### Entries supplied

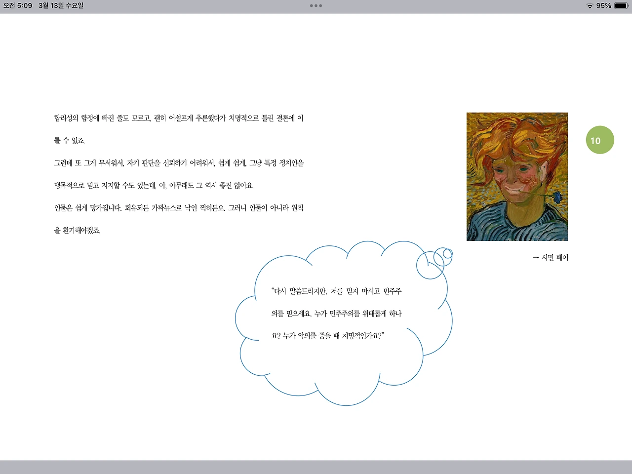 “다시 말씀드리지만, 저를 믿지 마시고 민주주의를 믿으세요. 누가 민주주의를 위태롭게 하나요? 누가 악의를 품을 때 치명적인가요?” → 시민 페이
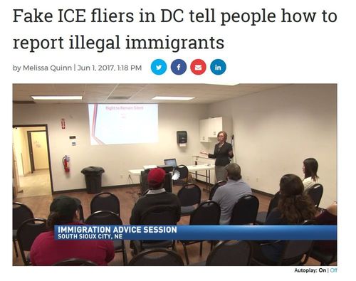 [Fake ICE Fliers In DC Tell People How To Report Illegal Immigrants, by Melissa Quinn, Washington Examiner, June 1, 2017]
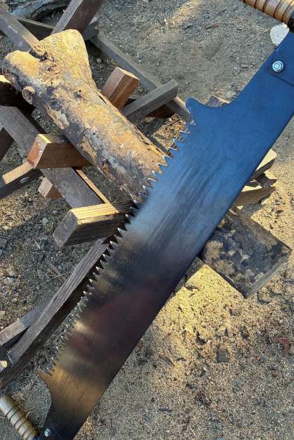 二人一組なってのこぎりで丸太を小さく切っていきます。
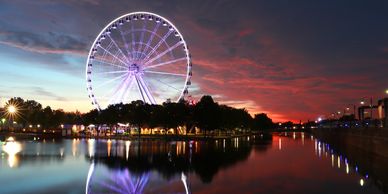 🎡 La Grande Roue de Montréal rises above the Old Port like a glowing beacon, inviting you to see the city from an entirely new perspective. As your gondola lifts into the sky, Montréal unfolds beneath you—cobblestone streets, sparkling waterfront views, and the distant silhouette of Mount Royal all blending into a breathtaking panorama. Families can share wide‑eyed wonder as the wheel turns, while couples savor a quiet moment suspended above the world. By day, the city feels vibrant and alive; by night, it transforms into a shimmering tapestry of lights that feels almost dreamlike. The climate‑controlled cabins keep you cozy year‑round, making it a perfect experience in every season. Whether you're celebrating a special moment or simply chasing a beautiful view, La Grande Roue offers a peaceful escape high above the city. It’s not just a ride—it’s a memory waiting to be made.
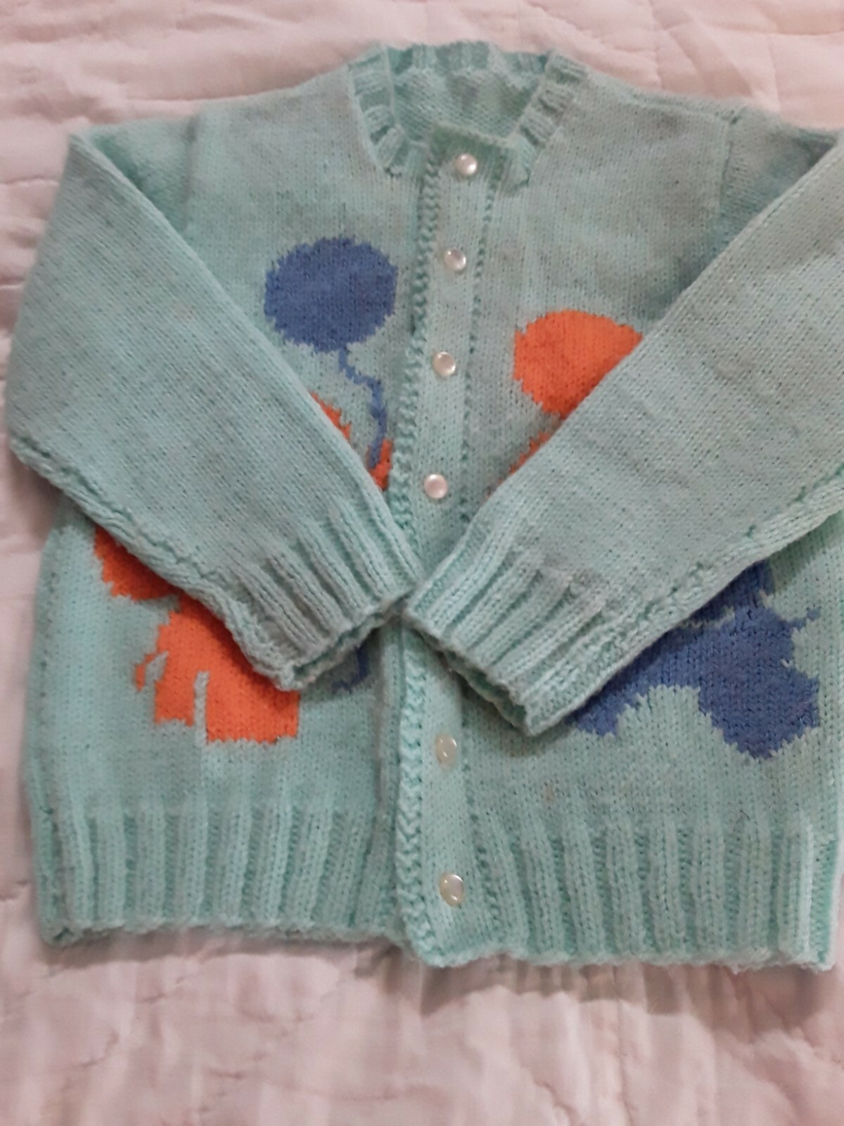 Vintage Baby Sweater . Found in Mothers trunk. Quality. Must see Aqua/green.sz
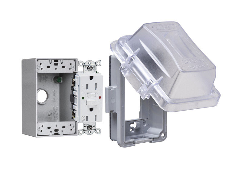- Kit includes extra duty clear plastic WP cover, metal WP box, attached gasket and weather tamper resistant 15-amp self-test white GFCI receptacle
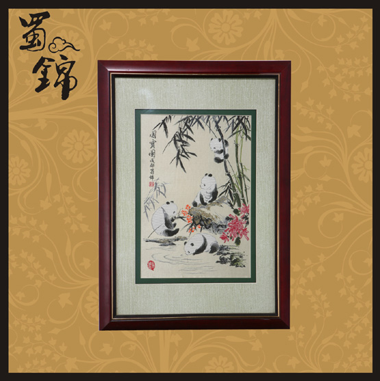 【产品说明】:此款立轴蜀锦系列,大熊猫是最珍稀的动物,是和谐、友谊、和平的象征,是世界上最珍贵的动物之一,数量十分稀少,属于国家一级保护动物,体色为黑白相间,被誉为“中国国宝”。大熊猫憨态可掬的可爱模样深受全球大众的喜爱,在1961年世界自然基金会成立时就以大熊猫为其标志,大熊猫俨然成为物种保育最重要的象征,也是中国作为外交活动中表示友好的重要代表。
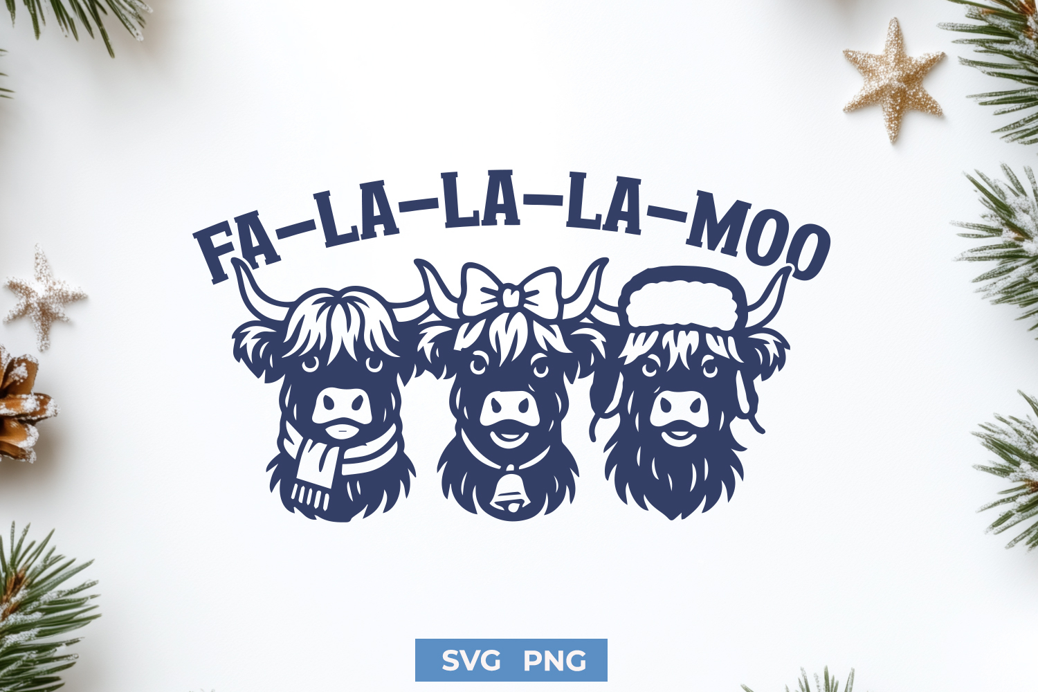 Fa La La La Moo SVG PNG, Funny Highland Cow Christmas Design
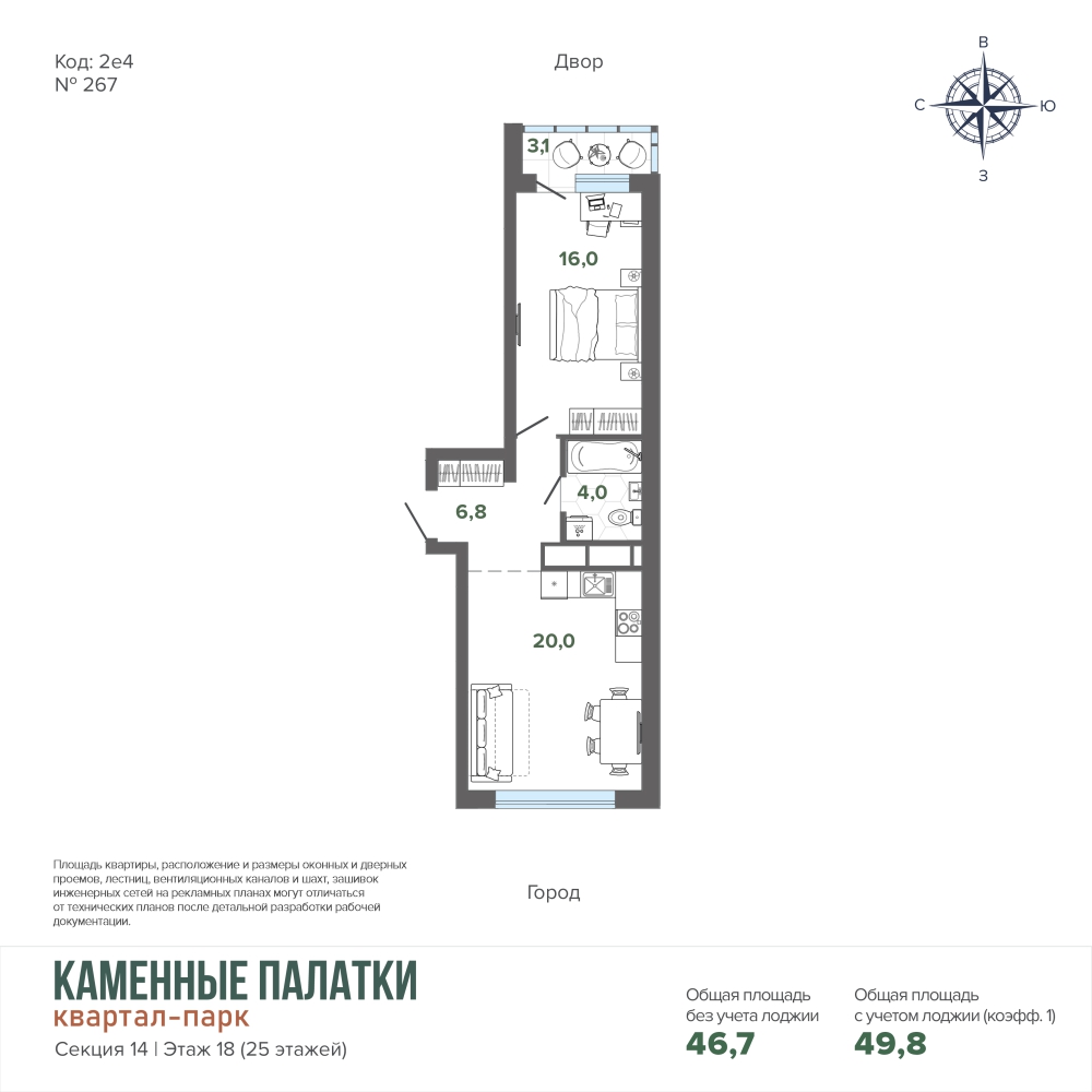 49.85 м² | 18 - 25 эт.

* * *

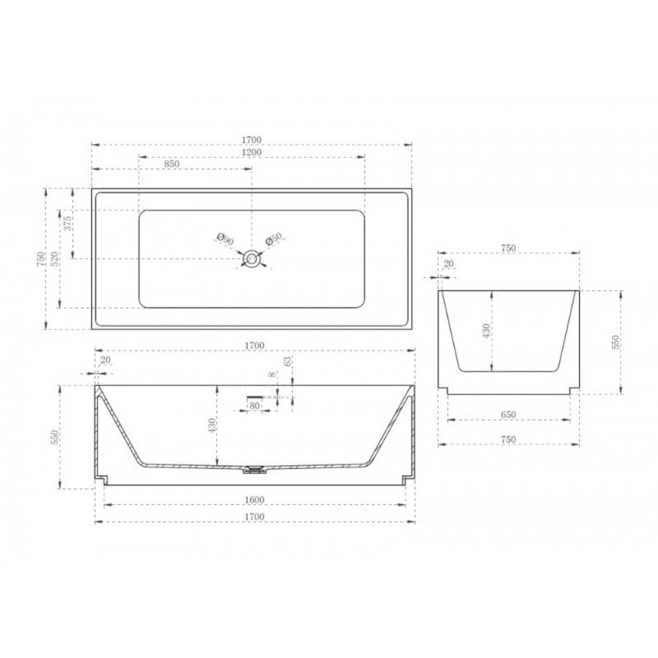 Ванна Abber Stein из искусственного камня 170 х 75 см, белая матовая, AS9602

### Problem to solve
Write out again exactly the lines above from the one with "[Fake ICE Fliers" through the one with "Vintage Baby Sweater", adding no other lines and no pictures.

### Written solution
 [Fake ICE Fliers In DC Tell People How To Report Illegal Immigrants, by Melissa Quinn, Washington Examiner, June 1, 2017]
 二人一組なってのこぎりで丸太を小さく切っていきます。
 🎡 La Grande Roue de Montréal rises above the Old Port like a glowing beacon, inviting you to see the city from an entirely new perspective. As your gondola lifts into the sky, Montréal unfolds beneath you—cobblestone streets, sparkling waterfront views, and the distant silhouette of Mount Royal all blending into a breathtaking panorama. Families can share wide‑eyed wonder as the wheel turns, while couples savor a quiet moment suspended above the world. By day, the city feels vibrant and alive; by night, it transforms into a shimmering tapestry of lights that feels almost dreamlike. The climate‑controlled cabins keep you cozy year‑round, making it a perfect experience in every season. Whether you're celebrating a special moment or simply chasing a beautiful view, La Grande Roue offers a peaceful escape high above the city. It’s not just a ride—it’s a memory waiting to be made.
 Vintage Baby Sweater . Found in Mothers trunk. Quality. Must see Aqua/green.sz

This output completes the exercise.